Berlin (ap/dpa) — Das Präsidium der DDR-Volkskammer hat dem Parlament am Freitag angesichts der anhaltenden Proteste in den Gefängnissen des Landes vorgeschlagen, die Strafen der Häftlinge um ein Drittel zu kürzen. Nach den Worten von Parlamentsvizepräsident Reinhard Höppner sollten verurteilte Mörder, Kriegsverbrecher sowie schwere Gewalt- und Sexualverbrecher von dem Straßerlaß ausgenommen werden. Die Regelung soll dem Gesetzentwurf zufolge für Häftlinge gelten, die vor dem 1. Juli 1990 verurteilt worden sind. Die Insassen der Untersuchungshaftanstalt Dresden wiesen den Vorschlag aber sofort zurück und forderten eine Generalamnestie.

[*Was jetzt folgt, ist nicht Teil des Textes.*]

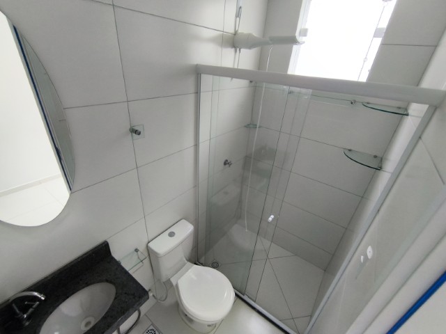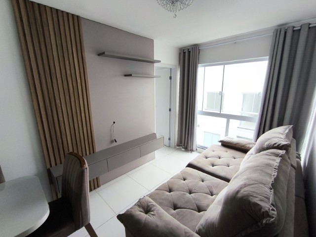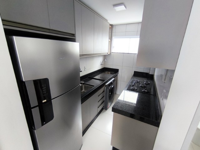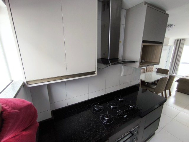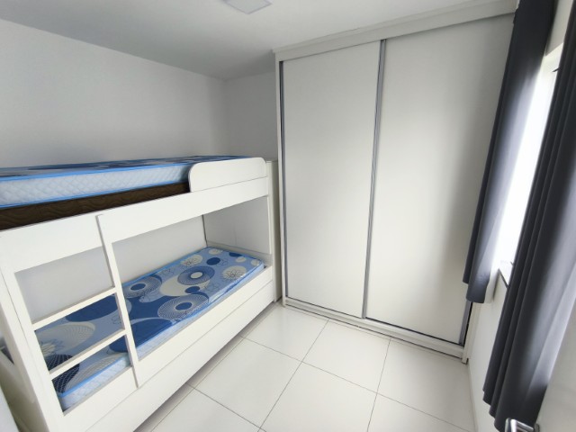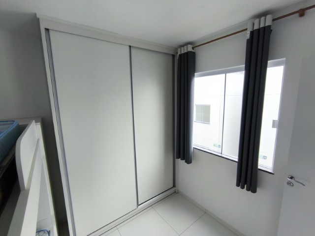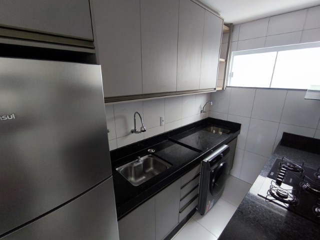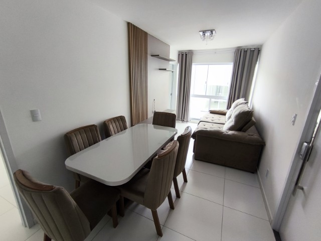 O imóvel dispõe de sala (com mesa para 6 lugares, sofá, painel de TV e cortina), 2 quartos (1 mobiliado com triliche, guarda-roupa e cortinas), sendo 1 suíte, banheiro social, cozinha integrada com área de serviço (com geladeira, armários planejados, cooktop, forno, sugar e máquina de lavar roupas) e 1 vaga de garagem.

Über den Gesetzesentwurf, der kurzfristig vom Präsidium erarbeitet worden war und zur Beratung an die Ausschüsse überwiesen wurde, sollte noch am Freitag abgestimmt werden. Das Papier sieht weiter vor, alle Häftlinge, die durch die Strafermäßigung ihre Strafzeit abgesessen haben, bis zum 2. Oktober zu entlassen. Für Haftzeiten, die die Gefangenen über die vorgeschlagenen zwei Drittel hinaus schon verbüßt haben, ist keine Entschädigung vorgesehen. Bei mehreren Strafen soll die Verkürzung auf jede einzelne bezogen werden.

Unabhängig von der Strafermäßigung soll jeder Gefangene das Recht haben, die Überprüfung seines Urteils durch einen unabhängigen Ausschuß zu beantragen, wenn er vor dem 1. Juli dieses Jahres verurteilt wurde. Für die Überprüfung dieses Urteils sollten aber nicht diejenigen zuständig sein, die es gefällt hätten, sagte Höppner. Eine generelle Amnestie lehnte er ab.

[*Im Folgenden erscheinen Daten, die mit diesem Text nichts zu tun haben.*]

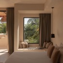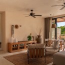 Chechén Penthouse forms part of Aldea Canzul, a private complex comprising three villas situated in Tulum's most prestigious beach road area. Crafted for utmost privacy and relaxation, this suite provides a tropical-inspired ambiance coupled with the comforts of a high-end accommodation. Immerse yourself in the lavish bathroom featuring double sinks, an open shower, and a stunning chukum bathtub handcrafted from the resin of a local tree.

Die zu lebenslänglicher Haft Verurteilten werden nach dem ab 3. Oktober geltenden bundesdeutschen Bestimmungen behandelt, erläuterte Höppner weiter. Ihr Urteil werde in eine fünfzehnjährige Haftstrafe umgewandelt. Deshalb seien die Lebenslänglichen nicht extra in das Gesetz aufgeommen worden.

Das Volkskammerpräsidium, das bis in die Nacht tagte, hat nach den Worten von Höppner inzwischen den Generalstaatsanwalt beauftragt, in denjenigen Fällen Haftaussetzung anzuordnen, in denen Personen länger als drei Monate in Untersuchungshaft sitzen. Nach drei Monaten, so Höppner, müsse der Prozeß eröffnet sein oder Haftaussetzung erfolgen.

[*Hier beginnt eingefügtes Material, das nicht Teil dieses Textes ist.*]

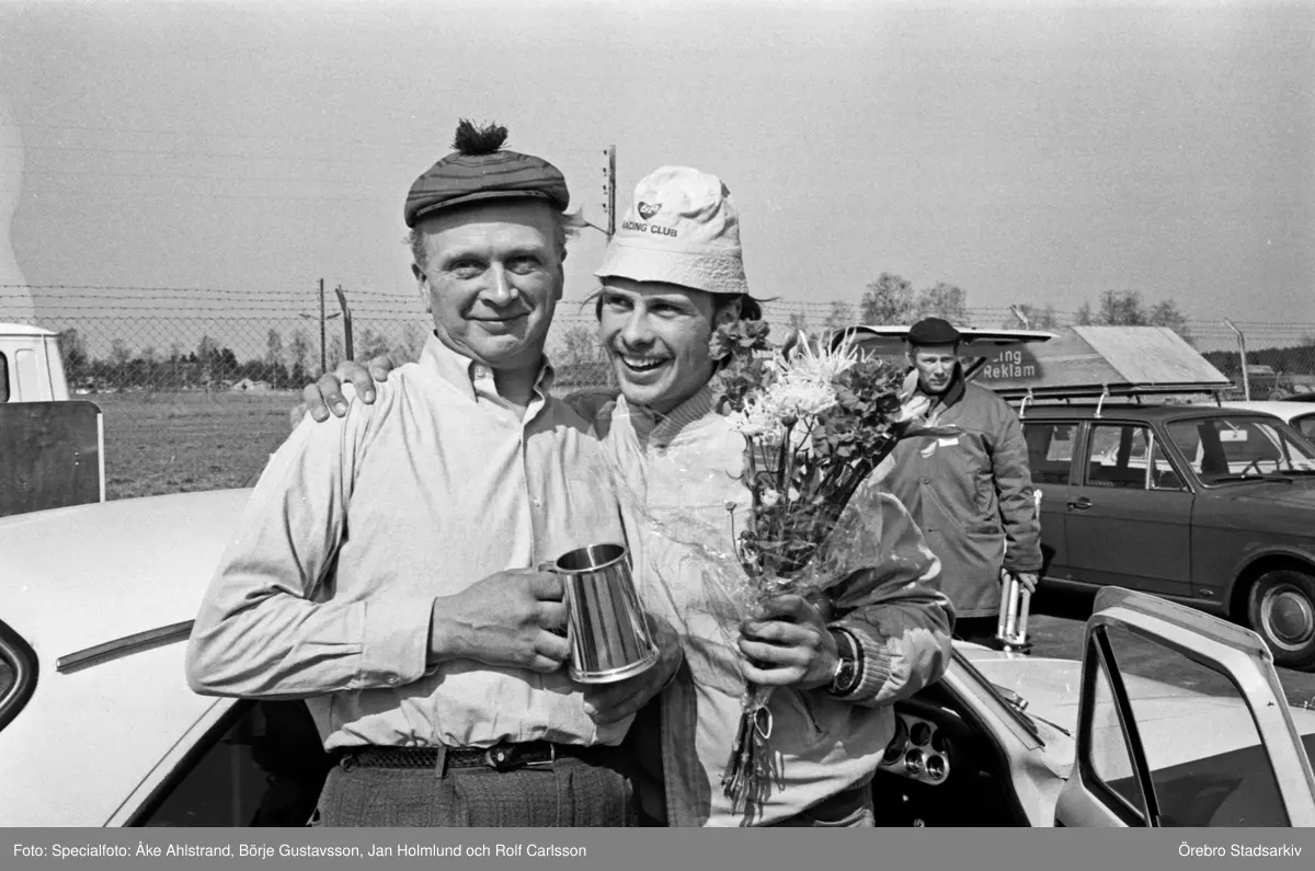 Segraren gratuleras. Karlskoga motorstadion, 1969-05-03

Auf den Gesetzesentwurf der Volkskammer reagierten die Insassen der Untersuchungshaftanstalt Dresden mit Empörung. In einer über den Rundfunk verbreiteten Erklärung kritisierten die Gefangenen, die 40jährige Terrorjustiz habe die Menschen zu Straftätern gemacht. Die Antwort darauf könne nur der Erlaß sämtlicher Strafen sein, zitierte die Nachrichtenagentur 'adn‘ aus der Stellungnahme. Was im Falle eines anderen Beschlusses passiere, sei noch nicht abzusehen.

Volkskammerpräsidentin Sabine Bergmann-Pohl hatte zu Wochenbeginn die Beratungen über eine Teilamnestie als Reaktion auf die Gefangenenproteste in mehreren Städten angekündigt. Eine generelle Amnestie, wie sie die Häftlinge fordern, lehnte die Regierung jedoch zugleich ab. Auf Wunsch der zuständigen DDR-Stellen waren Strafvollzugsexperten und Richter aus der BRD nach Ost-Berlin gereist, um die technischen und rechtlichen Probleme zu erörtern.